After other tests I’ve got a clearer idea of what is going on. First of all, I modified the above examples by adding some more ‘number crunching stuff’ inside the inner loop.
Example A now is as follows:
# Example A
def f(num_threads):
out = np.empty((num_rows, 3, 300))
# calculate number of rows per thread
num_rows_per_thread = int(math.ceil(num_rows / num_threads))
for index_thread in numba.prange(num_threads):
# Loop over loan parts
i_row_begin = index_thread * num_rows_per_thread
i_row_end = min(num_rows, (index_thread + 1) * num_rows_per_thread)
tmp = np.empty(5)
for i_row in range(i_row_begin, i_row_end):
# Do some calculation on a single row
tmp[0] = i_row
for index_s in range(out.shape[1]):
tmp[1] = index_s
for index_t in range(out.shape[2]):
tmp[2] = index_t + index_s
tmp[3] = index_t / (1.2 + i_row / (index_s + 1))
tmp[4] = index_t / (1.8 + i_row / (index_s + 1))

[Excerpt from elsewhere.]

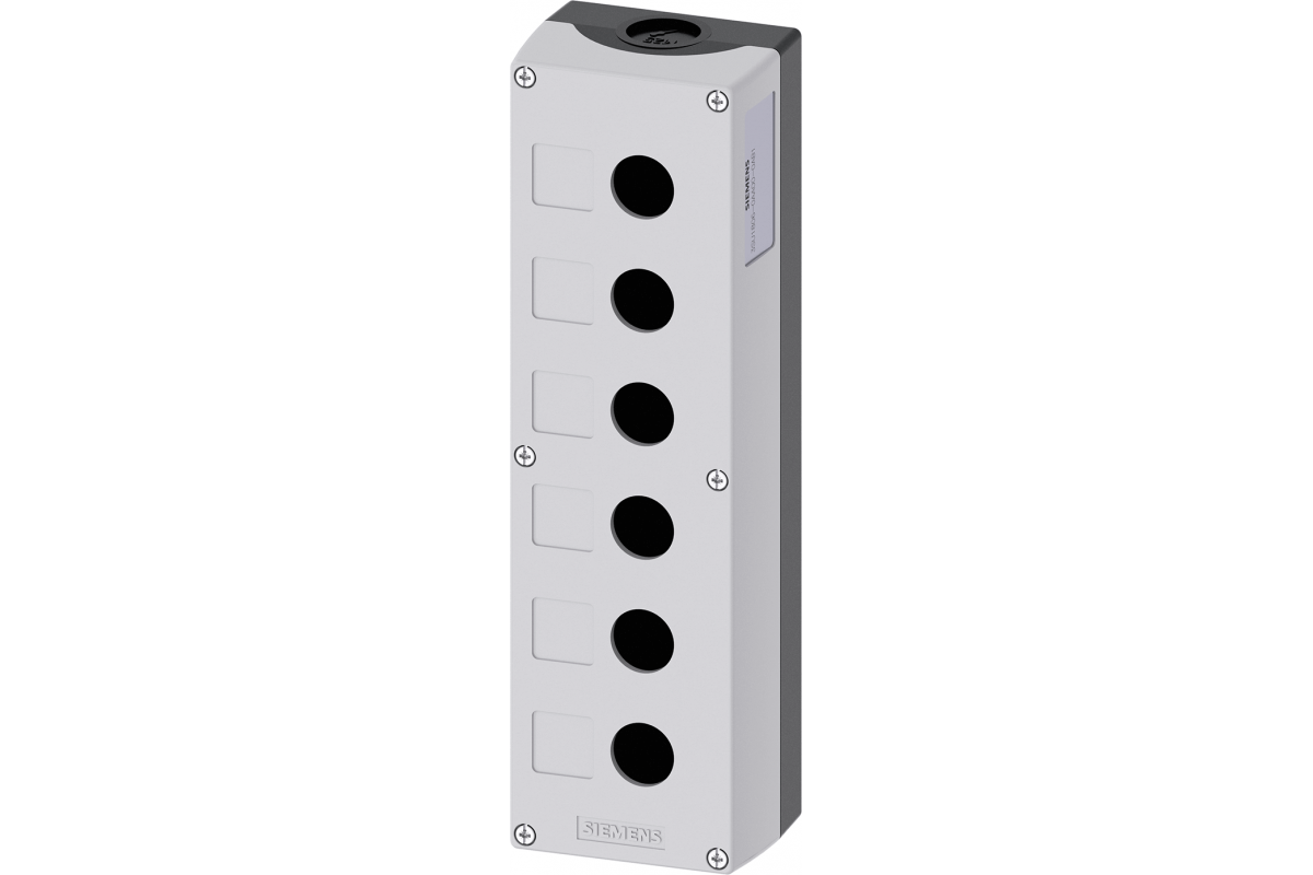 ПУСТОЙ КОРПУС ДЛЯ СБОРКИ ПОСТА УПРАВЛЕНИЯ С КНОПКАМИ, ПЕРЕКЛЮЧАТЕЛЯМИ И ИНДИКАТОРАМИ 22MM, С КРУГЛЫМИ ВЫРЕЗАМИ, МАТЕРИАЛ КОРПУСА - ПЛАСТИК, КРЫШКА КОРПУСА - СЕРАЯ, 6 КОМАНДНЫХ ТОЧЕК, ПЛАСТИК, КРЫШКА КОРПУСА С МЕСТАМИ ДЛЯ НАКЛЕИВАНИЯ МАРКИРОВОЧНЫХ ТАБЛИЧЕК

tmp[3] = tmp[4] * math.sin(1.3 + tmp[3])
tmp[4] = tmp[3] * math.cos(tmp[3])
tmp[3] = tmp[4] + math.sin(1.3 + tmp[3])
tmp[4] = tmp[3] + math.cos(tmp[3])
tmp[2] = math.cos(tmp[1]) * math.sin(tmp[4] - tmp[2])
tmp[3] = math.exp(tmp[2] * tmp[4]) + math.cos(tmp[3])
if index_t % 2 == 1:
tmp[3] = tmp[3] - tmp[2] * out[i_row, index_s, index_t-1]
out[i_row, index_s, index_t] = np.sum(tmp / (1 + np.sum(tmp)))
return out
print()
print("Example A")
print_time(f)
Leading to:
Example A
Using parallel=False
2.33 s ± 208 ms per loop (mean ± std. dev. of 7 runs, 1 loop each)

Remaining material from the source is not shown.